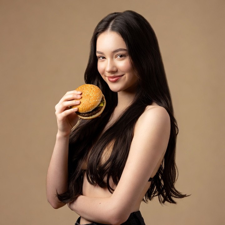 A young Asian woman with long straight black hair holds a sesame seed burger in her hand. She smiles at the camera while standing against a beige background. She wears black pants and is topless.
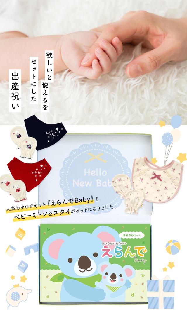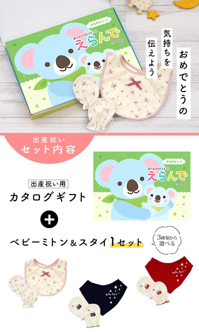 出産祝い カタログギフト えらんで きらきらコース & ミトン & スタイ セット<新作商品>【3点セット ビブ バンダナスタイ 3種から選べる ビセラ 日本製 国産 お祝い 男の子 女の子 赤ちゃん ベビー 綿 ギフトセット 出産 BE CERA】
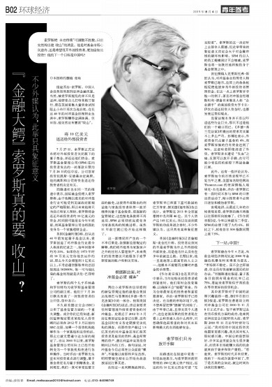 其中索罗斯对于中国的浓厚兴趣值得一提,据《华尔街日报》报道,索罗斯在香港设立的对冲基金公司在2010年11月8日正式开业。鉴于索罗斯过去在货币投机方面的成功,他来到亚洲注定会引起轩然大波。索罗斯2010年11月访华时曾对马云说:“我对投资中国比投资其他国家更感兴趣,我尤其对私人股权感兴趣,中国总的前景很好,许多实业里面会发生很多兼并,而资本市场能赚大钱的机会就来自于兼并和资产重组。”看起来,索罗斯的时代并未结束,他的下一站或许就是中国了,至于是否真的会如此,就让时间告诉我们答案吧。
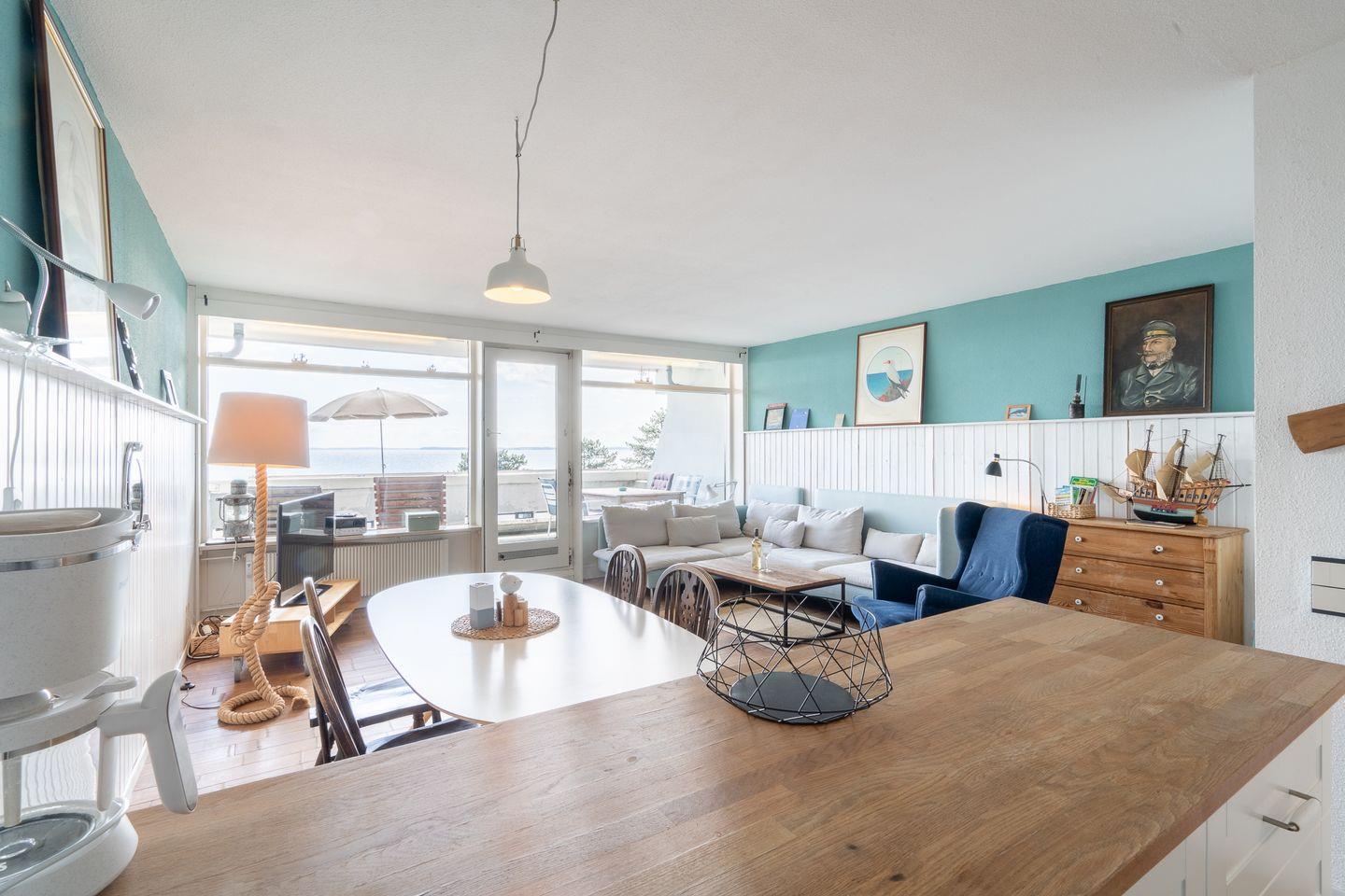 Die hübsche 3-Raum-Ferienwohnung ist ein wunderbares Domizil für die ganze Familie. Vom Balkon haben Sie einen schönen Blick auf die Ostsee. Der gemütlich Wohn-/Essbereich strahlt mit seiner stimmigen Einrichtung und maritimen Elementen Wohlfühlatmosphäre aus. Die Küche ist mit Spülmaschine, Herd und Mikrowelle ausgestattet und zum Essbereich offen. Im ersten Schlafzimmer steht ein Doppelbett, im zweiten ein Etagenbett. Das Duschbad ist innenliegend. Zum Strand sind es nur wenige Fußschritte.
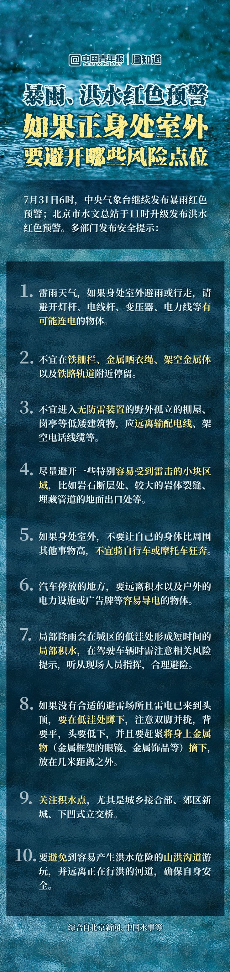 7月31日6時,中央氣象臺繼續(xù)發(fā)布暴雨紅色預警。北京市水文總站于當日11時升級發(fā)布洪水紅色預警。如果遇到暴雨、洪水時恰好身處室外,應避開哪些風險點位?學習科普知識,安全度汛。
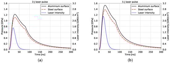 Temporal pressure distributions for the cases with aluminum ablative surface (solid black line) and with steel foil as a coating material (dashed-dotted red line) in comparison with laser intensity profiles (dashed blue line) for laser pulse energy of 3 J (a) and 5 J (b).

Brief:
For this exercise, set down the lines in the entries above from the one with "其中索罗斯对于中国的浓厚兴趣" through the one with "7月31日6時,中央氣象臺繼" exactly as written, without any pictures.

Response to the exercise:
 其中索罗斯对于中国的浓厚兴趣值得一提,据《华尔街日报》报道,索罗斯在香港设立的对冲基金公司在2010年11月8日正式开业。鉴于索罗斯过去在货币投机方面的成功,他来到亚洲注定会引起轩然大波。索罗斯2010年11月访华时曾对马云说:“我对投资中国比投资其他国家更感兴趣,我尤其对私人股权感兴趣,中国总的前景很好,许多实业里面会发生很多兼并,而资本市场能赚大钱的机会就来自于兼并和资产重组。”看起来,索罗斯的时代并未结束,他的下一站或许就是中国了,至于是否真的会如此,就让时间告诉我们答案吧。
 Die hübsche 3-Raum-Ferienwohnung ist ein wunderbares Domizil für die ganze Familie. Vom Balkon haben Sie einen schönen Blick auf die Ostsee. Der gemütlich Wohn-/Essbereich strahlt mit seiner stimmigen Einrichtung und maritimen Elementen Wohlfühlatmosphäre aus. Die Küche ist mit Spülmaschine, Herd und Mikrowelle ausgestattet und zum Essbereich offen. Im ersten Schlafzimmer steht ein Doppelbett, im zweiten ein Etagenbett. Das Duschbad ist innenliegend. Zum Strand sind es nur wenige Fußschritte.
 7月31日6時,中央氣象臺繼續(xù)發(fā)布暴雨紅色預警。北京市水文總站于當日11時升級發(fā)布洪水紅色預警。如果遇到暴雨、洪水時恰好身處室外,應避開哪些風險點位?學習科普知識,安全度汛。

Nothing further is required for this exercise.